In tegenstelling tot volbloedtransfusie hebben de maatregelen die tegenwoordig worden toegepast, namelijk de transfusie van bloedcomponenten, het voordeel dat de patiënt alleen die componenten van het bloed krijgt die hij daadwerkelijk nodig heeft. Bovendien kunnen bloedbestanddelen langer worden bewaard dan volbloed. Wanneer de noodzaak zich voordoet, worden verschillende componenten van het bloed overgebracht, zoals rode bloedcellen voor anemie of bloedplaatjesconcentraten voor mensen met bloedingsneiging.
Risico's en gevaren
Algemene bijwerkingen van a Bloedtransfusie zijn koude rillingen, een daling van de bloeddruk en koorts. In zeldzame gevallen treedt circulatoire shock op.
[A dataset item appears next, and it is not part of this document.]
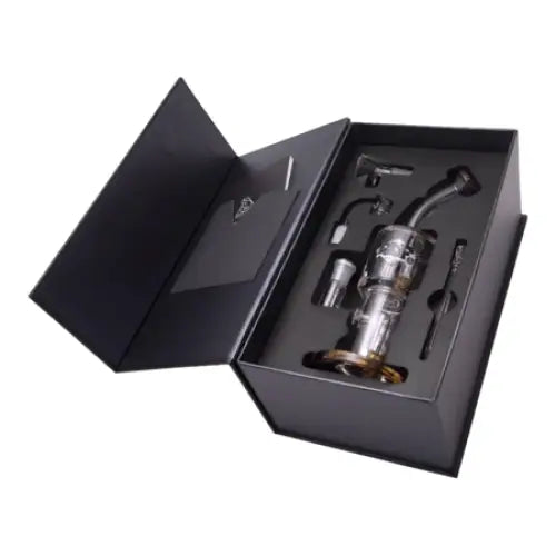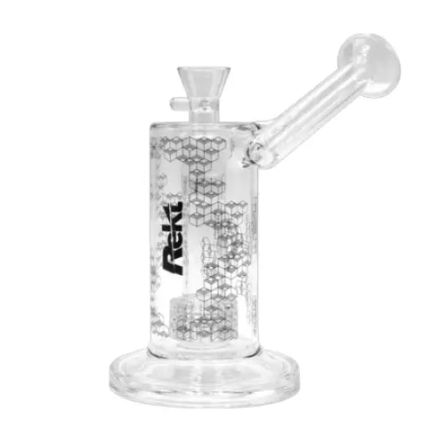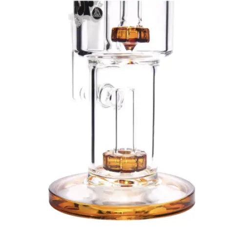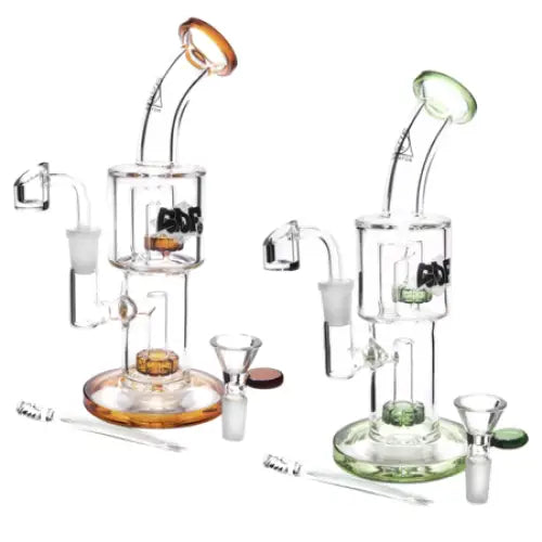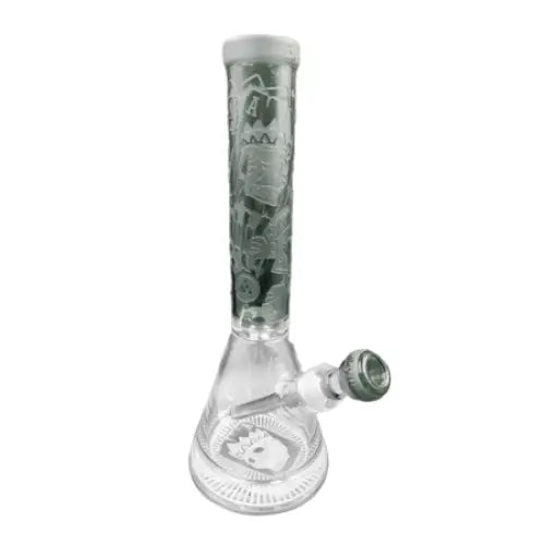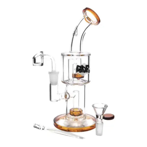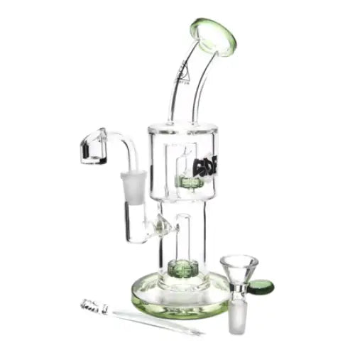 The Jah Jah bong from Squadafum features a groovy borosilicate glass design with not one, but two showerhead percs for extra bubbly and smooth hits. At 11" tall and 5mm thick, it includes a 14mm glass bowl, 14mm quartz banger, and quartz dabber. Choose amber or green and it comes with a carrying box for safekeeping.

Een andere bijwerking van bloedtransfusie is ijzerstapeling. Dit komt vooral voor bij langdurige transfusietherapieën.
Een van de risico's van bloedtransfusie is de overdracht van bacteriën en virussen. Dankzij moderne moleculair biologische methoden is het risico op overdracht van levensbedreigende virussen zeer laag. Deze testmethoden zijn relatief nieuw; ze zijn pas sinds het midden van de jaren tachtig wijdverspreid. Voordien raakten veel patiënten besmet met hiv via bloedtransfusies. Als de bloedeenheden worden verwisseld, treedt een acute of vertraagde hemolytische transfusiereactie op.
De niet-hemolytische transfusiereacties omvatten allergische reacties en pathologische reacties van het immuunsysteem, die het hele organisme aantasten. De witte bloedcellen kunnen een graft-versus-host-reactie veroorzaken bij immuungecompromitteerde patiënten.
Er zijn echter maatregelen die het risico op een transplantaat-versus-gastheerreactie kunnen verkleinen, zoals het bestralen van bloedproducten. Volgens een onderzoek uit 2007 gaan medische professionals ervan uit dat er geen verhoogd kankerrisico is voor de ontvanger, zelfs niet als de donor na donatie kanker krijgt. Een andere studie uit 2009 weerlegt deze theorie.